**Activity**
Pictures aside, the data must be reproduced exactly.

**Information provided**
BEGIN

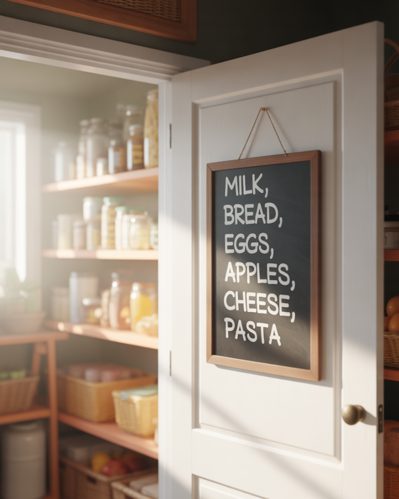 Practical insight: placing the chalkboard inside the door keeps it out of sight for a cleaner look, but it’s right there when you need it. Some families add a small cup or hook for chalk and an eraser, turning it into a complete system. It’s analog, yes, but there’s something satisfying about physically crossing off items or adding to the list as you go about your day.
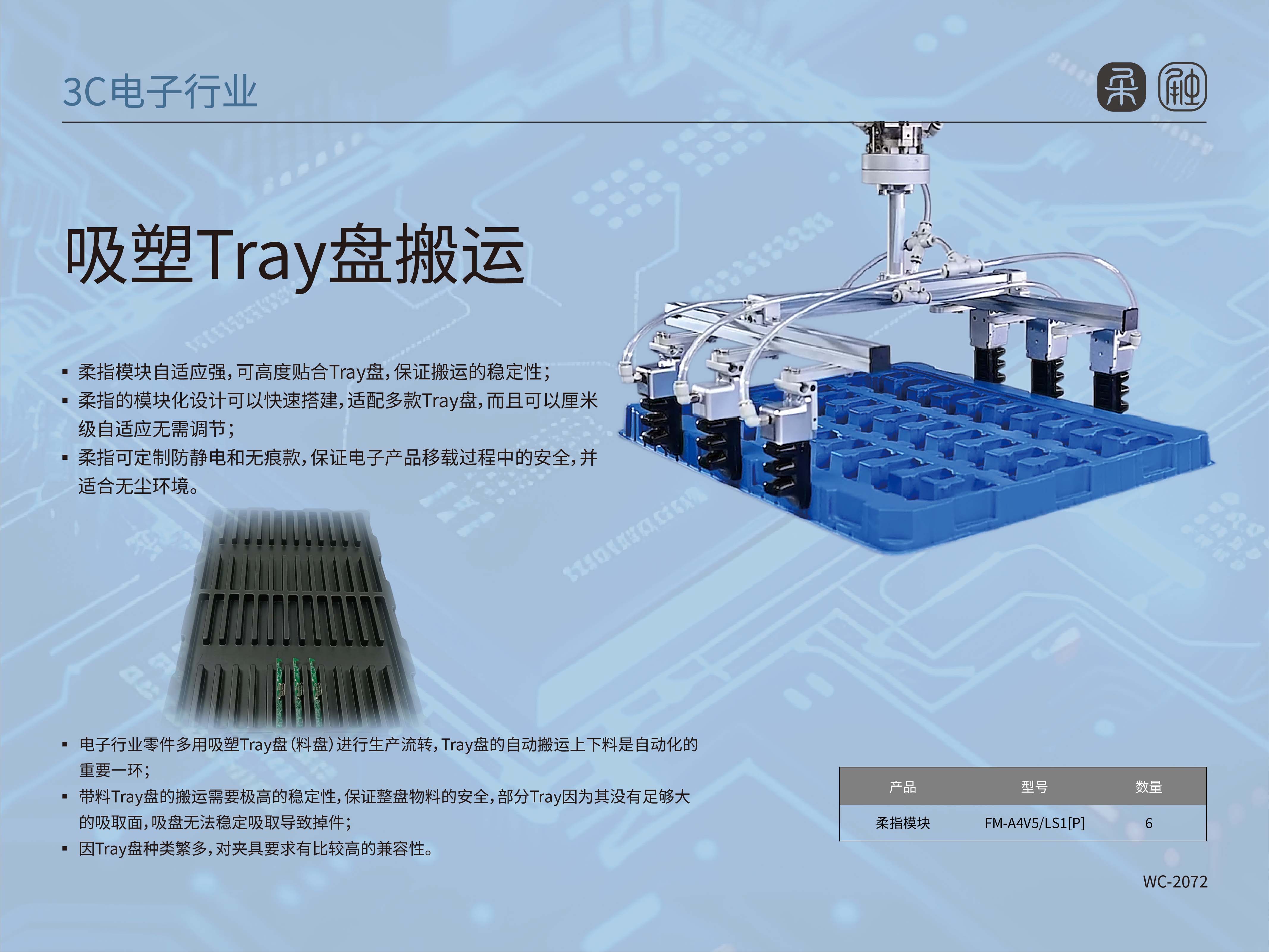 柔指模块自适应强,可高度贴合Tray盘,保证搬运的稳定性;
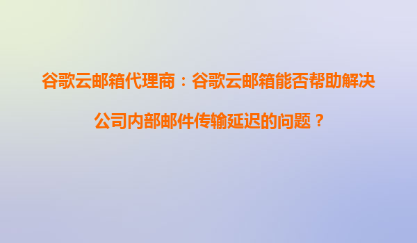 2025-08-27谷歌云郵箱代理商:谷歌云郵箱能否幫助解決公司內部郵件傳輸延遲的問題? 在現代企業中,高效的內部溝通是業務順利運行的關鍵。然而,許多公司常常面臨郵件傳輸延遲的問題,這不僅影響了工作效率,還可能導致重...
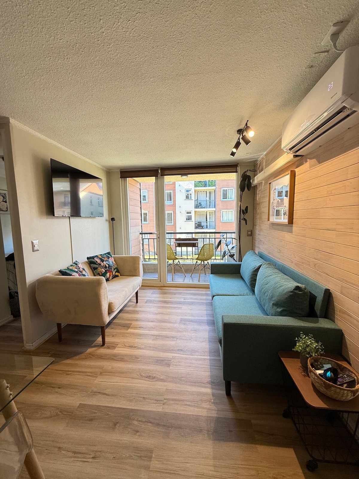 New apartment, with 4 or 5 person capacity. Master bedroom with 2 person bed, living has a sofa bed for 2 more people and also there’s a folding bed for a 5th person. The apartment is full electric. It is located one block from downtown Puerto Varas, 5 from the casino, 6 from the lake and next to a supermarket. Also, the building has access to laundry, gym and barbecue sector. There is no parking.

END

**Response to the task**
 Practical insight: placing the chalkboard inside the door keeps it out of sight for a cleaner look, but it’s right there when you need it. Some families add a small cup or hook for chalk and an eraser, turning it into a complete system. It’s analog, yes, but there’s something satisfying about physically crossing off items or adding to the list as you go about your day.
 柔指模块自适应强,可高度贴合Tray盘,保证搬运的稳定性;
 2025-08-27谷歌云郵箱代理商:谷歌云郵箱能否幫助解決公司內部郵件傳輸延遲的問題? 在現代企業中,高效的內部溝通是業務順利運行的關鍵。然而,許多公司常常面臨郵件傳輸延遲的問題,這不僅影響了工作效率,還可能導致重...
 New apartment, with 4 or 5 person capacity. Master bedroom with 2 person bed, living has a sofa bed for 2 more people and also there’s a folding bed for a 5th person. The apartment is full electric. It is located one block from downtown Puerto Varas, 5 from the casino, 6 from the lake and next to a supermarket. Also, the building has access to laundry, gym and barbecue sector. There is no parking.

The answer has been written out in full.